## WHAT IS REQUIRED
Write out the lines below exactly, beginning at the one with "MULTI-CENTER DISPLAY BULB" and stopping after the one with "三、各学科专业复试分数线"; the pictures are not copied.

BEGIN DATA FOR THIS EXERCISE

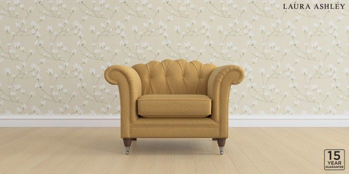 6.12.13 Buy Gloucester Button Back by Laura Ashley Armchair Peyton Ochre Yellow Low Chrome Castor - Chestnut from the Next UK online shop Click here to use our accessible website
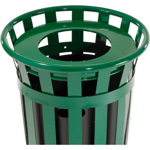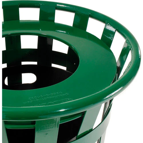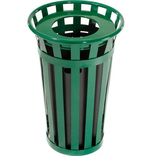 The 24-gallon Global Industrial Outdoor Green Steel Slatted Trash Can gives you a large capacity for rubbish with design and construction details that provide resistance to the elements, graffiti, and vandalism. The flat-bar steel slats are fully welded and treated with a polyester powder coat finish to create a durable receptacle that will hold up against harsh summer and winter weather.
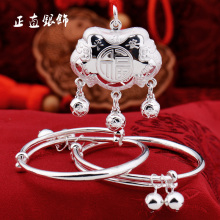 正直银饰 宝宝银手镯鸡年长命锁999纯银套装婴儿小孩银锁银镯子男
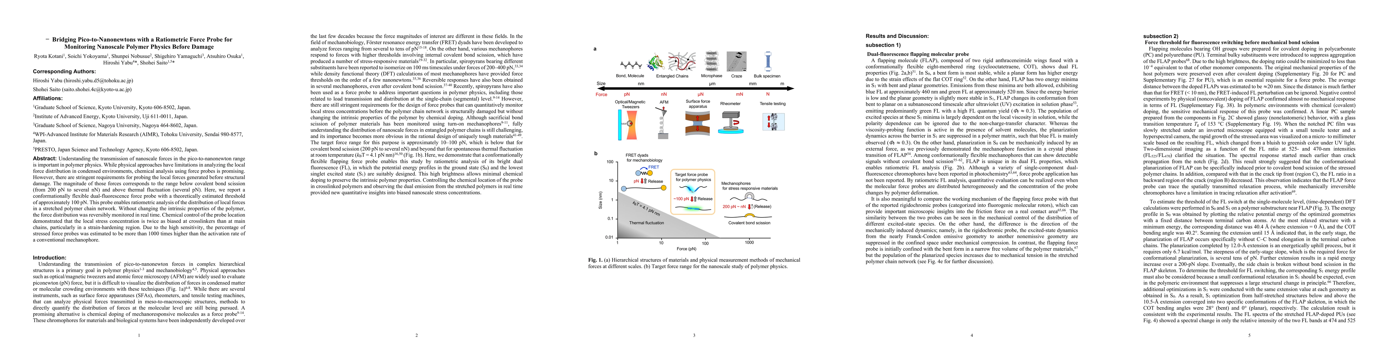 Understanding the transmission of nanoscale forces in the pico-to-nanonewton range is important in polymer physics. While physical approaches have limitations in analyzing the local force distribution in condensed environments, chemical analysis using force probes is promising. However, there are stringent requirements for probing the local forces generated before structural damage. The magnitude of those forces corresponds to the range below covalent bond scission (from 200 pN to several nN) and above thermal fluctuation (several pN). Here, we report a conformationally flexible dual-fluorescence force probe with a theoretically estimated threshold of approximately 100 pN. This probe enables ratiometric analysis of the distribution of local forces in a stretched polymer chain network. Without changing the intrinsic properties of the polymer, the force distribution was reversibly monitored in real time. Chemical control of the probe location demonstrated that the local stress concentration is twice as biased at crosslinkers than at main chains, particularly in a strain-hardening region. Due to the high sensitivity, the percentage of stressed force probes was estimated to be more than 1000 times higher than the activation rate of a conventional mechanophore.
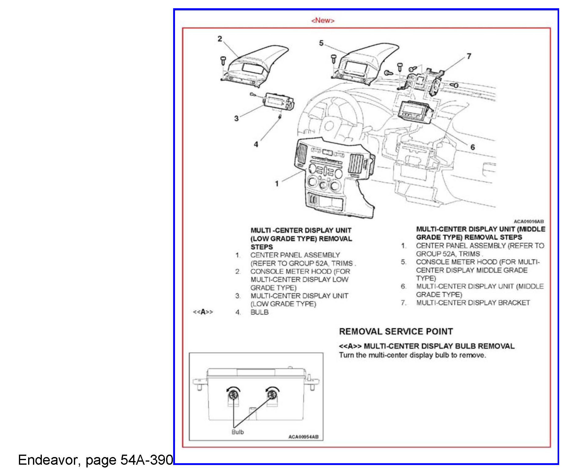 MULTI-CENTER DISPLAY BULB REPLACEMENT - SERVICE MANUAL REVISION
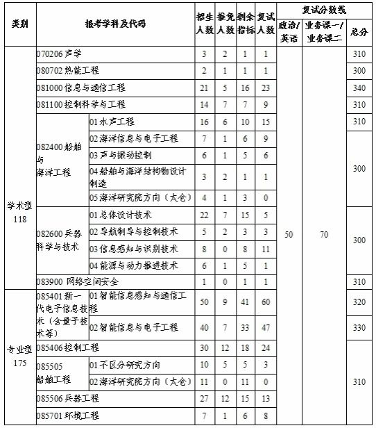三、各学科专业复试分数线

END DATA FOR THIS EXERCISE
BEGIN DATA FOR THIS EXERCISE

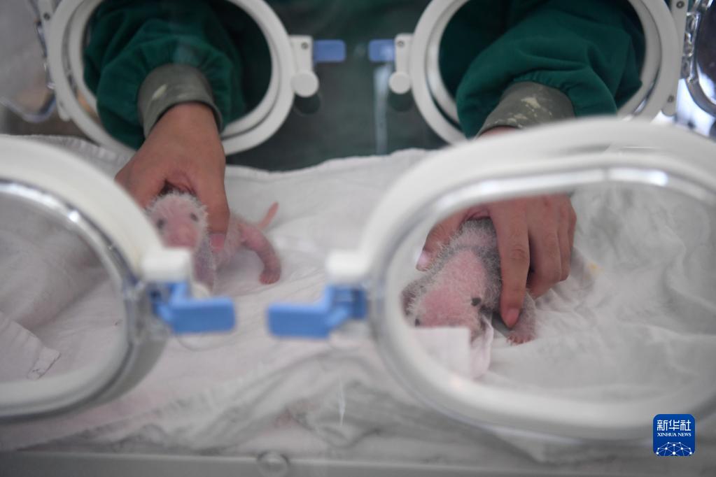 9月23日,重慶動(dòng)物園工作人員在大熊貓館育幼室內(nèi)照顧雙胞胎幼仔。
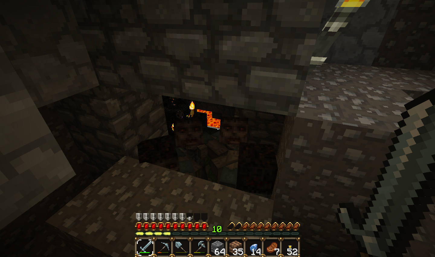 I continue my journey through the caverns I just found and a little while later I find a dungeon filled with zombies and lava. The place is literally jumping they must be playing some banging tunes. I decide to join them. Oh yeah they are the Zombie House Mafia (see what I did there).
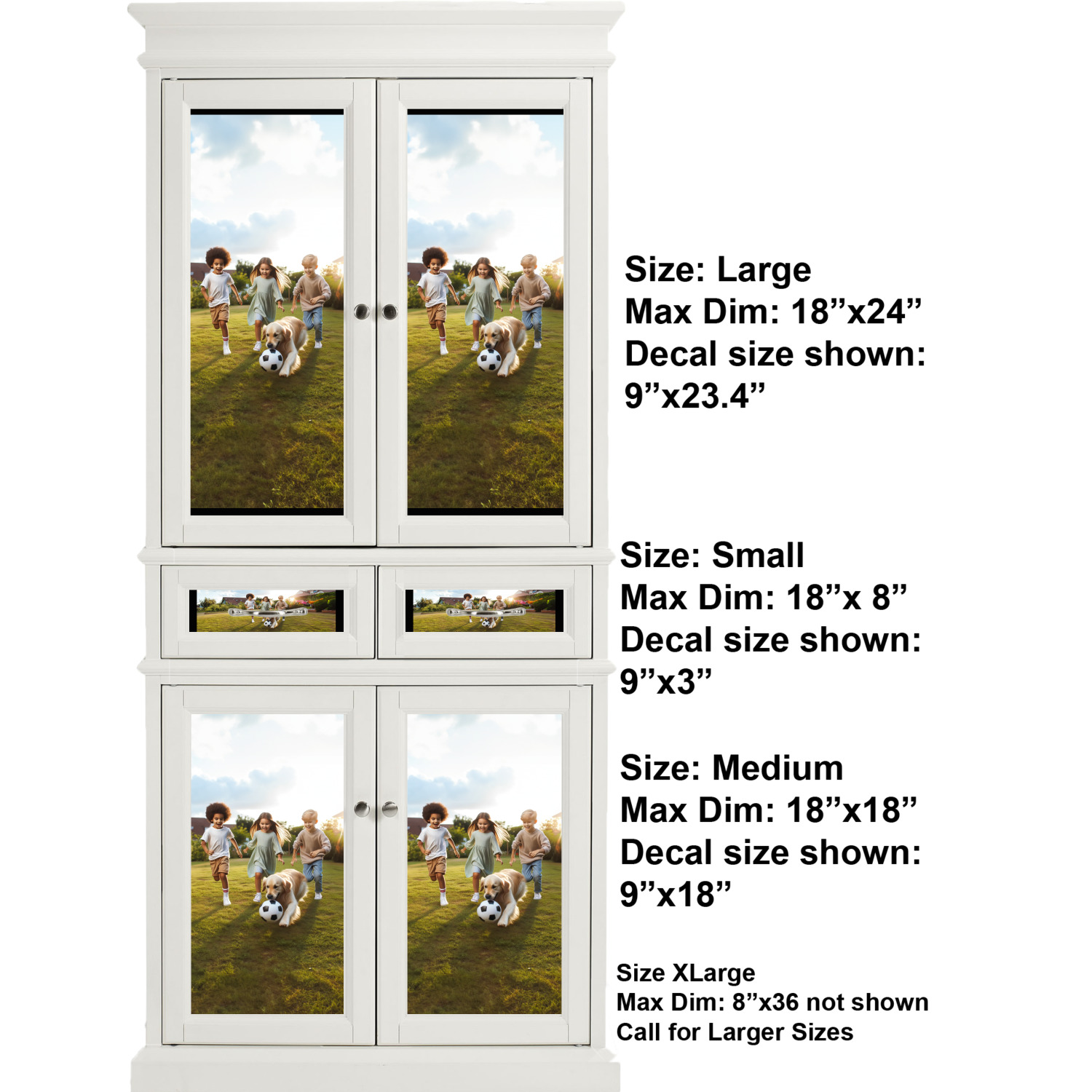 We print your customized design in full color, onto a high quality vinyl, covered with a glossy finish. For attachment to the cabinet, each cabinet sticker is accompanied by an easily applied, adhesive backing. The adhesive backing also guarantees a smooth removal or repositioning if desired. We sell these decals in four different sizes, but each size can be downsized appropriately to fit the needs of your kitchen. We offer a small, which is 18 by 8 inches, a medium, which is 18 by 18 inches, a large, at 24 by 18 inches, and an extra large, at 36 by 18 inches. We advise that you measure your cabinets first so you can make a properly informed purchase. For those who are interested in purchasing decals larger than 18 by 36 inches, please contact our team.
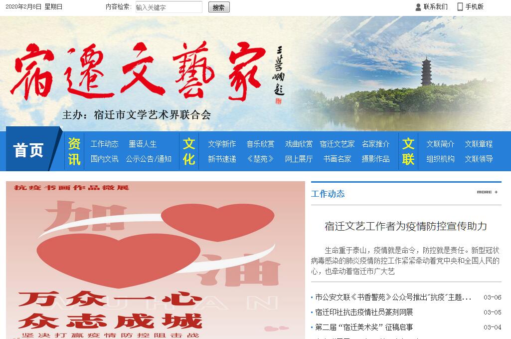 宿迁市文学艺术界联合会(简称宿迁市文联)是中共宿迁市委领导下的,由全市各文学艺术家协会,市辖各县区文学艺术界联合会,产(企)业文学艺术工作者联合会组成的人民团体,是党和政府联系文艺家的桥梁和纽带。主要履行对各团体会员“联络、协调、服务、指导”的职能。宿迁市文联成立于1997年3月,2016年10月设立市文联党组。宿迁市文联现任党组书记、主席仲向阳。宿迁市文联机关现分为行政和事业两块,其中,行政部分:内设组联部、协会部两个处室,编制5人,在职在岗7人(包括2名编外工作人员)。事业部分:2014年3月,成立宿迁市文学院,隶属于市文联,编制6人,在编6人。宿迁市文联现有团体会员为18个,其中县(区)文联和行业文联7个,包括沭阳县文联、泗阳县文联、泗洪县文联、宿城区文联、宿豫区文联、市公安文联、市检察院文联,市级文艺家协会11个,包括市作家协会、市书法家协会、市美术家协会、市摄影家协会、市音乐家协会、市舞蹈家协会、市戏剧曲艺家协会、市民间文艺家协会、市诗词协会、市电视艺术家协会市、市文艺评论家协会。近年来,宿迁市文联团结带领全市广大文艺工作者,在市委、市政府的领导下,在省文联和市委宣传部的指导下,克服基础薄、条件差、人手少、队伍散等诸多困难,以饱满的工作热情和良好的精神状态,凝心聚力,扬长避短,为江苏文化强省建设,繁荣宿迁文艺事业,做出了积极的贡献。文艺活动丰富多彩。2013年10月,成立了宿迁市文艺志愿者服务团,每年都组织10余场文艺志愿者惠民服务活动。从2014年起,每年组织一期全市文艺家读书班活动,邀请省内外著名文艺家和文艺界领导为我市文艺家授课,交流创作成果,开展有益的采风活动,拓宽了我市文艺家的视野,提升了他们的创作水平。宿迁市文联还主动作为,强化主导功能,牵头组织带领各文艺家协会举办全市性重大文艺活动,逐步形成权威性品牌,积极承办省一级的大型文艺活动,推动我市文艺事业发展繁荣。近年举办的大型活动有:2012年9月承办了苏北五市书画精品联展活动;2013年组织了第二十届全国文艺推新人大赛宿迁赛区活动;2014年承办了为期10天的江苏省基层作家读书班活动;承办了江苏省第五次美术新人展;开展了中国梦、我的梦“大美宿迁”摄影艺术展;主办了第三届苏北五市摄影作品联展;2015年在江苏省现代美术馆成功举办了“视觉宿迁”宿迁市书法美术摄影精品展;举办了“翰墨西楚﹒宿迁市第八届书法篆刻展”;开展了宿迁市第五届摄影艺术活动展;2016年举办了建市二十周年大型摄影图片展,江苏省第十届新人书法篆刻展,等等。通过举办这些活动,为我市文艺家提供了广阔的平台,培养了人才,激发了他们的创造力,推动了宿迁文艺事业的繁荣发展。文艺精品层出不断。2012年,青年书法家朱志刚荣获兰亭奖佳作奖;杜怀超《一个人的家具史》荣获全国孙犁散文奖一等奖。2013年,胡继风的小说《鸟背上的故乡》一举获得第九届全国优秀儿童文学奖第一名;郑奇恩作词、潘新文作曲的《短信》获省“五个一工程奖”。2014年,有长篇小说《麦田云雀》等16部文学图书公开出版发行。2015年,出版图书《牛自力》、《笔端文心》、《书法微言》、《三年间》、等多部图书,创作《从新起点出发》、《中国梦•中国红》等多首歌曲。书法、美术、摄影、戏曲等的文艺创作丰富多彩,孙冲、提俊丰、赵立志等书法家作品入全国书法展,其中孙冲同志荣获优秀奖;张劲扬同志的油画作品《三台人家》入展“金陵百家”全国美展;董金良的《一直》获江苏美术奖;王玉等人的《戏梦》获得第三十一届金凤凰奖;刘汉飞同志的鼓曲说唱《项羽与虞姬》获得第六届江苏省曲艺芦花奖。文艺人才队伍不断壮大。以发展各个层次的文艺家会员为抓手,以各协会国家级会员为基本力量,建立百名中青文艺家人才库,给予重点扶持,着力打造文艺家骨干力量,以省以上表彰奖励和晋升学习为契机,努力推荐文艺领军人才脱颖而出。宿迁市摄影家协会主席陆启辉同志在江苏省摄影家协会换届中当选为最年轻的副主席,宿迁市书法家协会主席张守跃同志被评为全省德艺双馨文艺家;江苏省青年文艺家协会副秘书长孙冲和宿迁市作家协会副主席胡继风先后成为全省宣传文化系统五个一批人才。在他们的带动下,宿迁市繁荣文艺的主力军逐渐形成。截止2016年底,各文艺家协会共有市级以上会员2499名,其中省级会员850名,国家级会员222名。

END DATA FOR THIS EXERCISE
BEGIN DATA FOR THIS EXERCISE

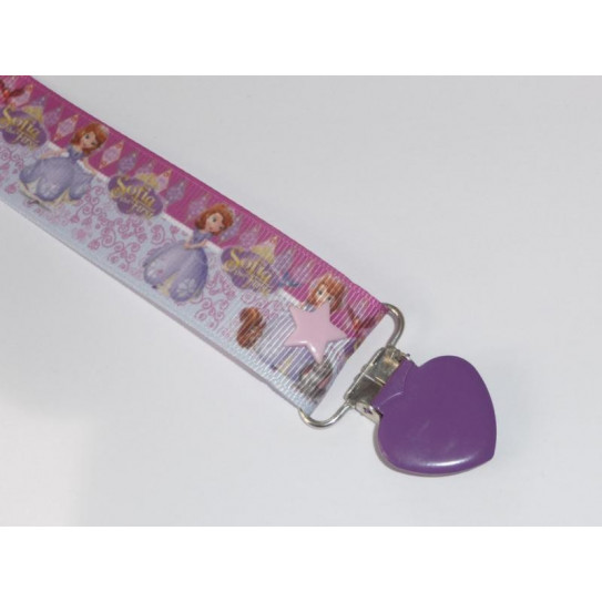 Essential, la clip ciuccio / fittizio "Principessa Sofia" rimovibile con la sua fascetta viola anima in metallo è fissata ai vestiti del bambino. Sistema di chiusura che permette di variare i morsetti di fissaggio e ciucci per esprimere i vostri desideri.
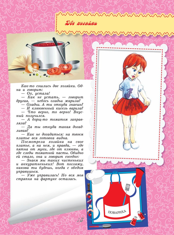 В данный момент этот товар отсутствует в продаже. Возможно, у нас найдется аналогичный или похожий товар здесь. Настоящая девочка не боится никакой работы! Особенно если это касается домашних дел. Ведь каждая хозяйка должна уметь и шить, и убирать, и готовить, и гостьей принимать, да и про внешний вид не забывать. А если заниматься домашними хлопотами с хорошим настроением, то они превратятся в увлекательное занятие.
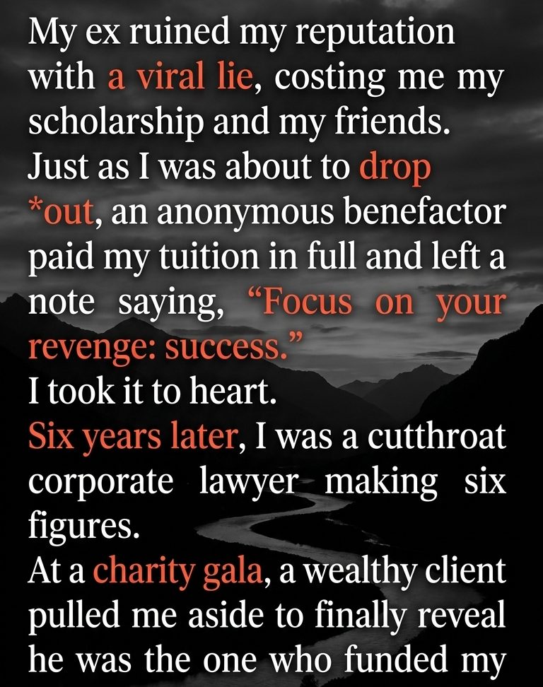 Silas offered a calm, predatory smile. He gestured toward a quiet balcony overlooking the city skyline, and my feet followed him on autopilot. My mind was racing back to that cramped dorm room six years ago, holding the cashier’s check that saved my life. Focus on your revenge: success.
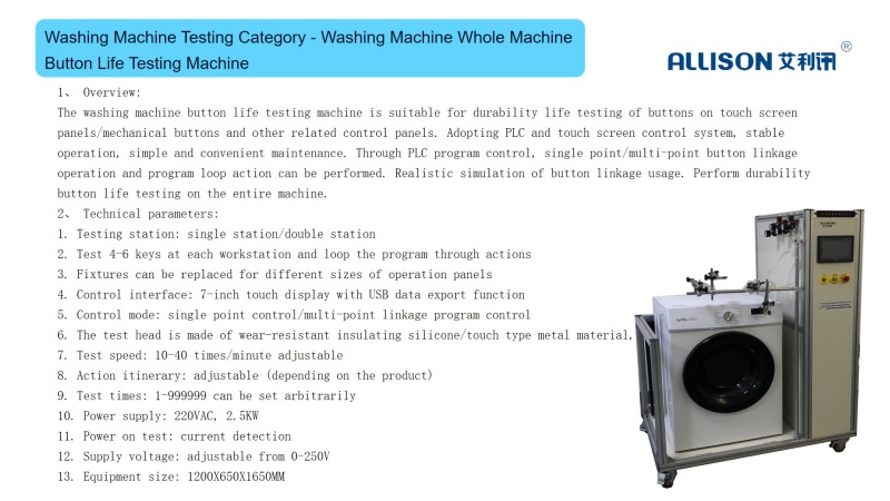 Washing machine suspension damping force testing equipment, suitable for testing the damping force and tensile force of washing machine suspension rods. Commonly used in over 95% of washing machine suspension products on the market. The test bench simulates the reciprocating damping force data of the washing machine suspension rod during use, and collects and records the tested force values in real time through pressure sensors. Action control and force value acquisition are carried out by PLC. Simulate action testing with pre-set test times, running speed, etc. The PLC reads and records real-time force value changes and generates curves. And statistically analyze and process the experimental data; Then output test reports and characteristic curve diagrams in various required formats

END DATA FOR THIS EXERCISE

## OUTPUT BELOW
 MULTI-CENTER DISPLAY BULB REPLACEMENT - SERVICE MANUAL REVISION
三、各学科专业复试分数线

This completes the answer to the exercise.